Raises an exception if source_df contains age or cool columns.

Functions

single_space()

actual_df = source_df.withColumn(
    "words_single_spaced",
    quinn.single_space(col("words"))
)

Replaces all multispaces with single spaces (e.g. changes "this has some" to "this has some".

remove_all_whitespace()

actual_df = source_df.withColumn(
    "words_without_whitespace",
    quinn.remove_all_whitespace(col("words"))
)

Removes all whitespace in a string (e.g. changes "this has some" to "thishassome".

anti_trim()

actual_df = source_df.withColumn(
    "words_anti_trimmed",
    quinn.anti_trim(col("words"))
)

Removes all inner whitespace, but doesn't delete leading or trailing whitespace (e.g. changes " this has some " to " thishassome ".

remove_non_word_characters()

actual_df = source_df.withColumn(
    "words_without_nonword_chars",
    quinn.remove_non_word_characters(col("words"))
)

Removes all non-word characters from a string (e.g. changes "si%$#@!#$!@#mpsons" to "simpsons".

exists()

source_df.withColumn(
    "any_num_greater_than_5",
    quinn.exists(lambda n: n > 5)(col("nums"))
)

nums contains lists of numbers and exists() returns True if any of the numbers in the list are greater than 5. It's similar to the Python any function.

forall()

source_df.withColumn(
    "all_nums_greater_than_3",
    quinn.forall(lambda n: n > 3)(col("nums"))
)

nums contains lists of numbers and forall() returns True if all of the numbers in the list are greater than 3. It's similar to the Python all function.

multi_equals()

source_df.withColumn(
    "are_s1_and_s2_cat",
    quinn.multi_equals("cat")(col("s1"), col("s2"))
)

multi_equals returns true if s1 and s2 are both equal to "cat".

Transformations

snake_case_col_names()

quinn.snake_case_col_names(source_df)

Converts all the column names in a DataFrame to snake_case.
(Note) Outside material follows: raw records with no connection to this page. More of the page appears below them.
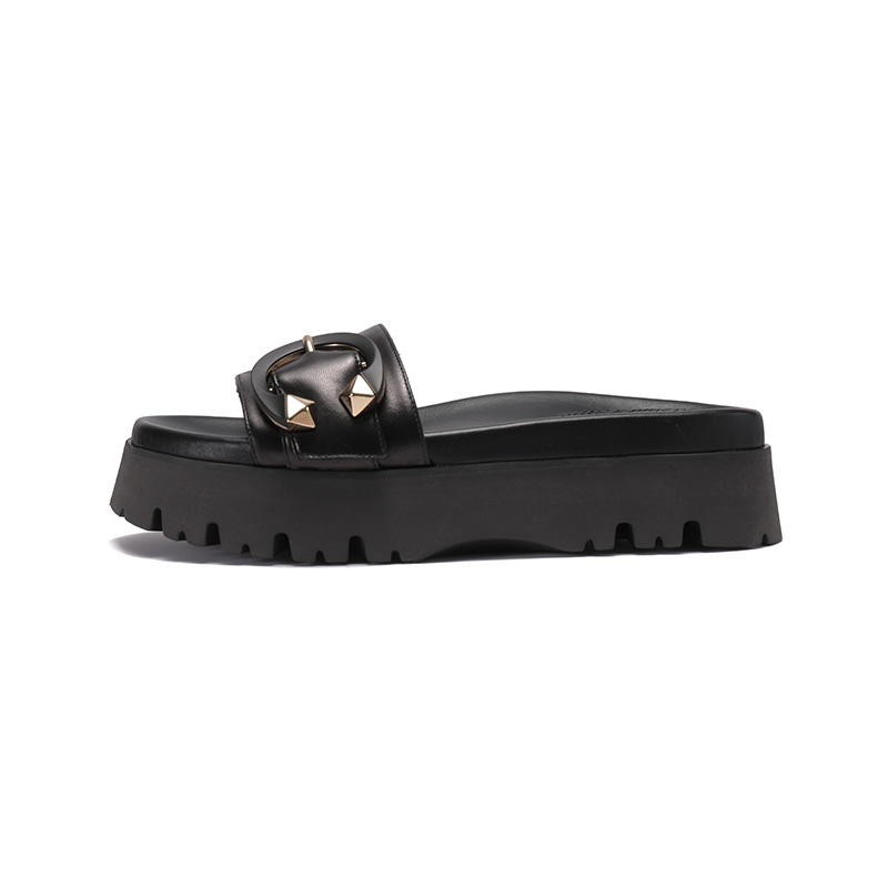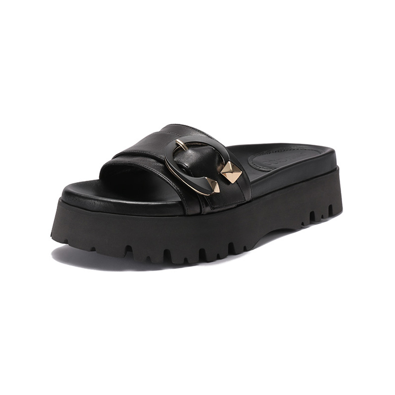 - 这款平底凉鞋饰有时尚的标志性C形带扣,散发出现代气息。随性的皮革设计,搭配宽大的鞋跟,提升外观。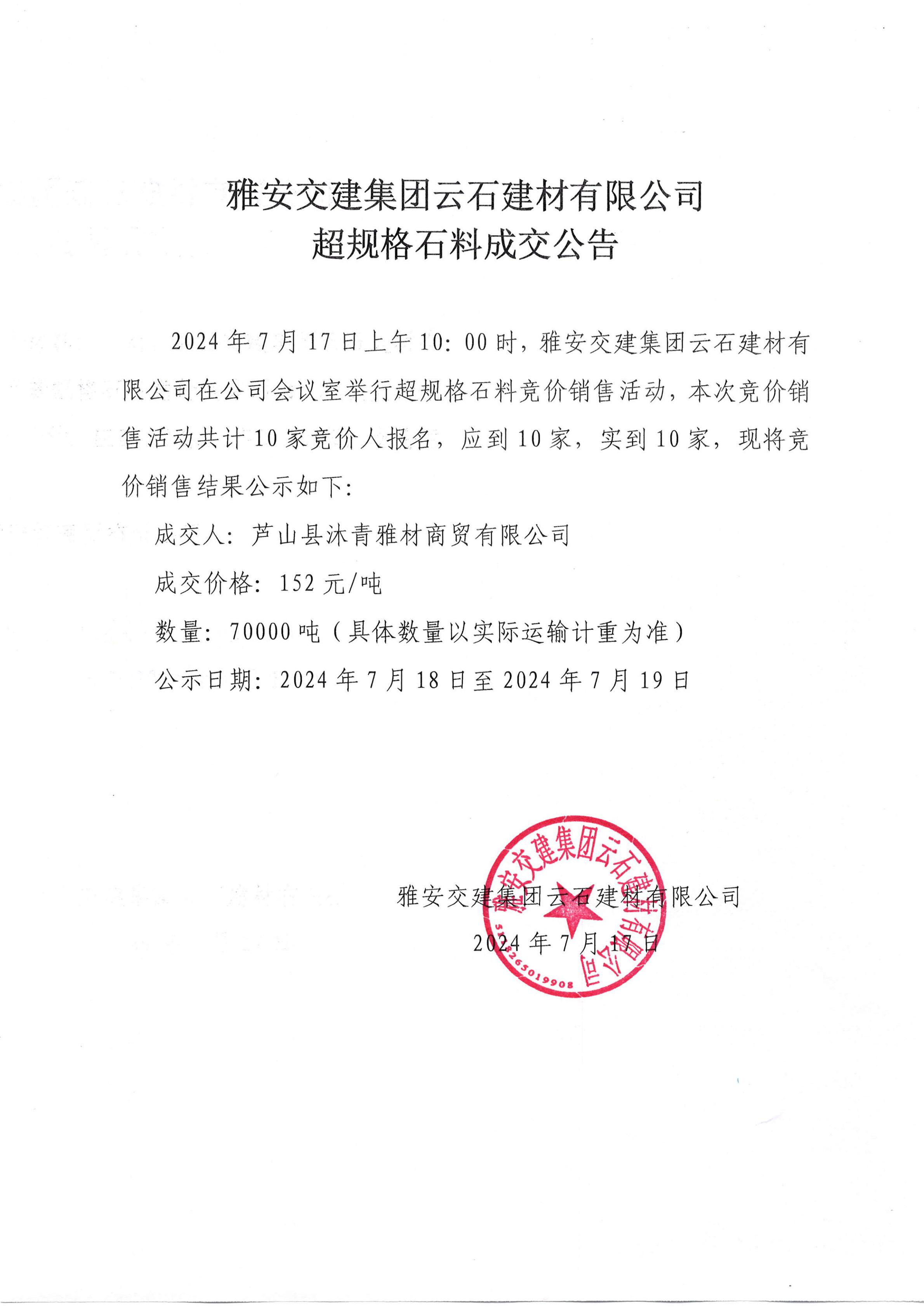 ÑŰ²½»½¨¼¯ˆF(tu¨¢n)ÔÆÊ¯½¨²ÄÓÐÏÞ¹«Ë¾ ³¬ÒŽ(gu¨©)¸ñʯÁϳɽ»¹«¸æ£¨2024.7.17£©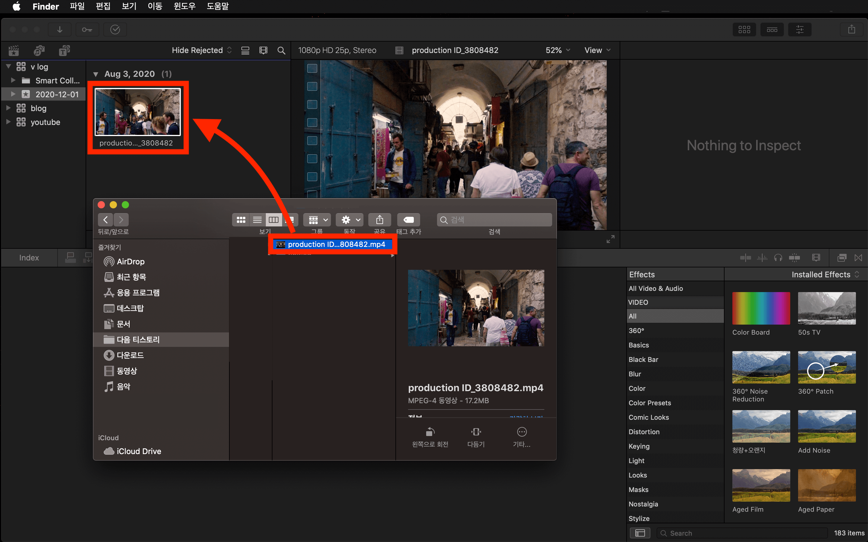 ▼ 혹은, 맥북에서 [Finder]를 실행시킨 뒤, 영상이 있는 폴더에서 바로 끌어다 놓을 수 있습니다.

It's annoying to write SQL queries when columns aren't snake cased.

sort_columns()

quinn.sort_columns(source_df, "asc")

Sorts the DataFrame columns in alphabetical order. Wide DataFrames are easier to navigate when they're sorted alphabetically.

DataFrame Helpers

column_to_list()

quinn.column_to_list(source_df, "name")

Converts a column in a DataFrame to a list of values.
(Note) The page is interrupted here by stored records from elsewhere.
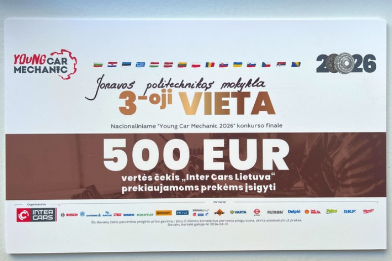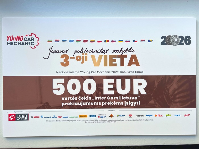 Vasario 26, 27 dienomis Vilniuje UAB „Inter Cars Lietuva“ vyko finalinis nacionalinio konkurso etapas, kuriame mokiniai buvo vertinami už įvairių gamintojų pateiktų užduočių atlikimą. Užduotis vertino garsių gamintojų atstovai, tokie kaip BOSCH, CONTI, ELRING, FEBI, FILTRON, MAYLE, NRF, SCHAEFFLER, SHELL, SKF, VARTA, ZF. Iš viso buvo 12 užduočių, kiekvienai skirta iki 45 minučių laiko, kurias atlikęs mūsų mokinys Adrianas Bagdonavičius užėmė 3 vietą. Už išskirtinius gebėjimus mokinys buvo įvertintas bei apdovanotas BOSCH, FEBI, VARTA prizais.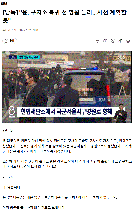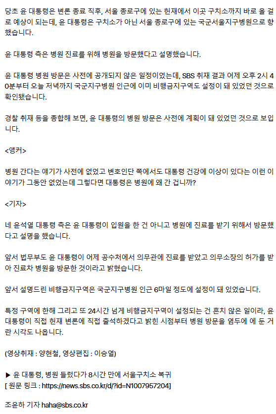 [단독] "윤, 구치소 복귀 전 병원 들러… 사전 계획한 듯" ㅡ 도망가려한 거니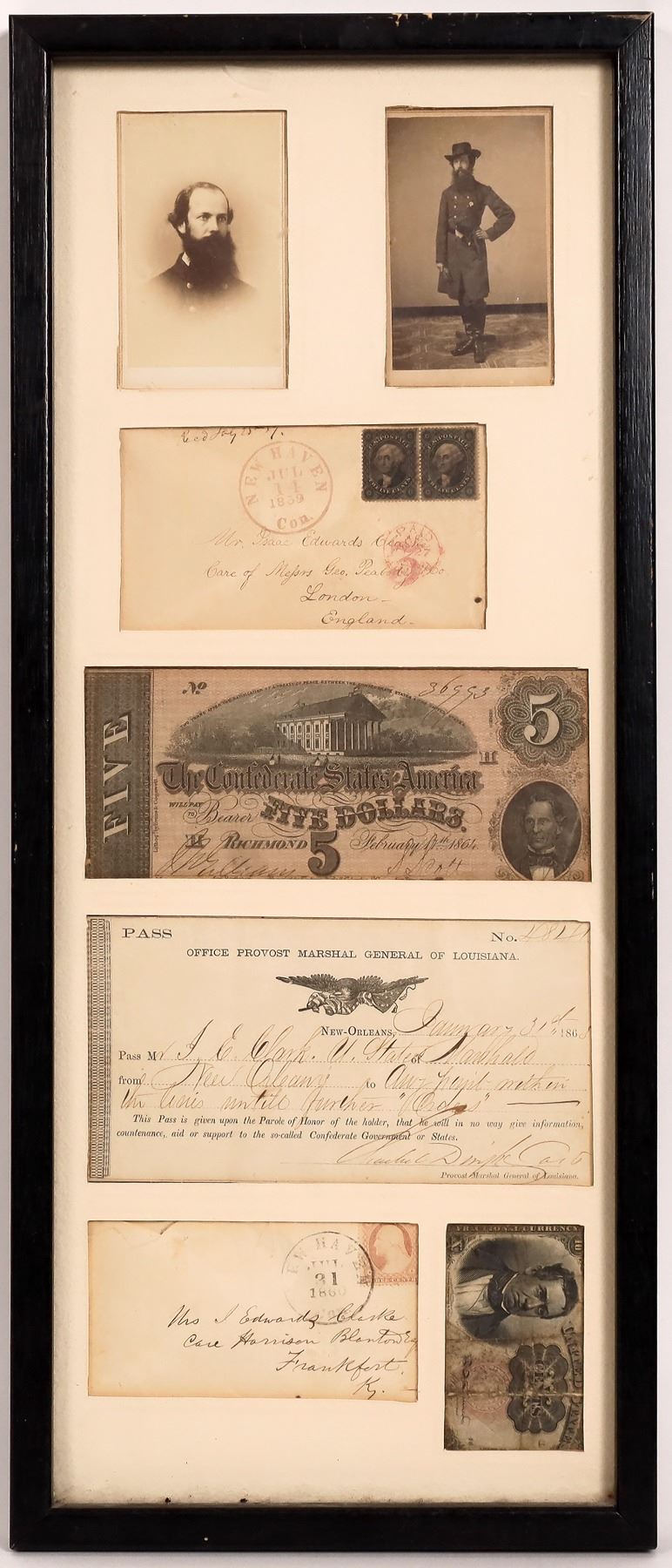 This frame is a collection of two CdVs of Colonel Isaac Edwards Clarke of the Union Army. He worked in London with George Peabody a banker and philanthropist before the Civil War. Later, became Provost Marshall of New Orleans during the war. There are two CdVs of I.E. Clarke, two cover letters to/from him (1859, 1860) and one Pass from the Provost Marshal General's office of Louisiana date January 31st, 186(5). Two pieces of Confederate paper money are also shown. He was responsible for confiscating Confederate goods. Framed at 9 in. X 21 in. Please see photo for details.

two_columns_to_dictionary()

quinn.two_columns_to_dictionary(source_df, "name", "age")

Converts two columns of a DataFrame into a dictionary. In this example, name is the key and age is the value.

to_list_of_dictionaries()

quinn.to_list_of_dictionaries(source_df)

Converts an entire DataFrame into a list of dictionaries.

Contributing

We are actively looking for feature requests, pull requests, and bug fixes.

Any developer that demonstrates excellence will be invited to be a maintainer of the project.